Sammy Pahal, Managing Director of the UK Proptech Association, believes that:

"The reason for the imbalance stems from stereotyping job roles for men and women. Society is starting to encourage more women to have a career in tech but there still needs to be more done to break down stereotypes. Also, most people hear about PropTech only once they have graduated and are starting a career in property. Therefore if the majority of people entering the property industry are men then the majority of people applying for PropTech businesses will be men. We need to promote career opportunities to students or professionals early in the career and highlighting successful women in PropTech to encourage other women to enter the industry or make the move from the property industry. We also raise more awareness of the different types of roles and experience needed within PropTech."

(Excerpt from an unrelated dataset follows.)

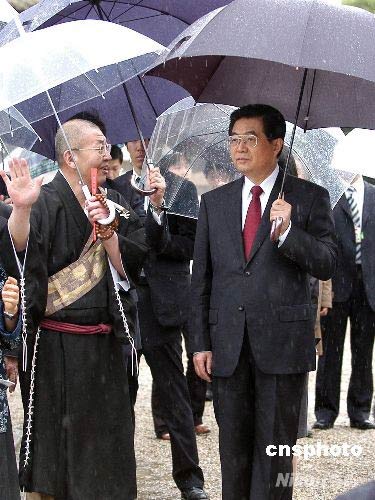 正在日本進(jìn)行國(guó)事訪問的中國(guó)國(guó)家主席胡錦濤,十日冒雨參觀位于奈良的法隆寺。法隆寺是日本佛教圣德宗的總寺廟,寺內(nèi)供奉有百濟(jì)觀音等大量國(guó)寶級(jí)文物,是日本佛教文化寶庫(kù)。中新社發(fā) 齊彬 攝

Weronika Holt, EMEA Client Solutions Director at CBRE, is disappointed that PropTech, despite being a new sector, has inherited the gender bias and inequality that are inherent in real estate and in tech. She would like to see women supporting each other more, telling me that her wish is for women to "Empower each other. Empower girls,  younger women, and fellow professionals to get the right education, get involved, challenge themselves, be confident, know their self-worth and get up when they fail and try again."

It is not all doom and gloom, however. Lucy Sharp, co-Founder at Dot Residential, has had very positive experiences in her career so far. Prior to PropTech, she worked in FinTech PR and never felt any bias against her even when she decided to start a family.

Sharp told me that:

“Being a woman in Proptech is 100% something my co-founders and team have seen as a huge positive. There has been no stigma. Over lunch with the FT last week, the journalist looked me for answers as much my (male) co-founder. I’m excited to get in front of investors in the coming months now I’m back from maternity leave – I see my gender as a huge asset. Ultimately people buy into a person, not your sex. I won’t hear otherwise.”

It is clear that any industry with a strong gender imbalance is missing out on the huge potential that the category it is not tapping into can bring. Real estate and PropTech have a dearth of women, especially of female founders, and a long road ahead towards an even playing field. This undoubtedly needs to start in schools, as several of the women we heard from today pointed out.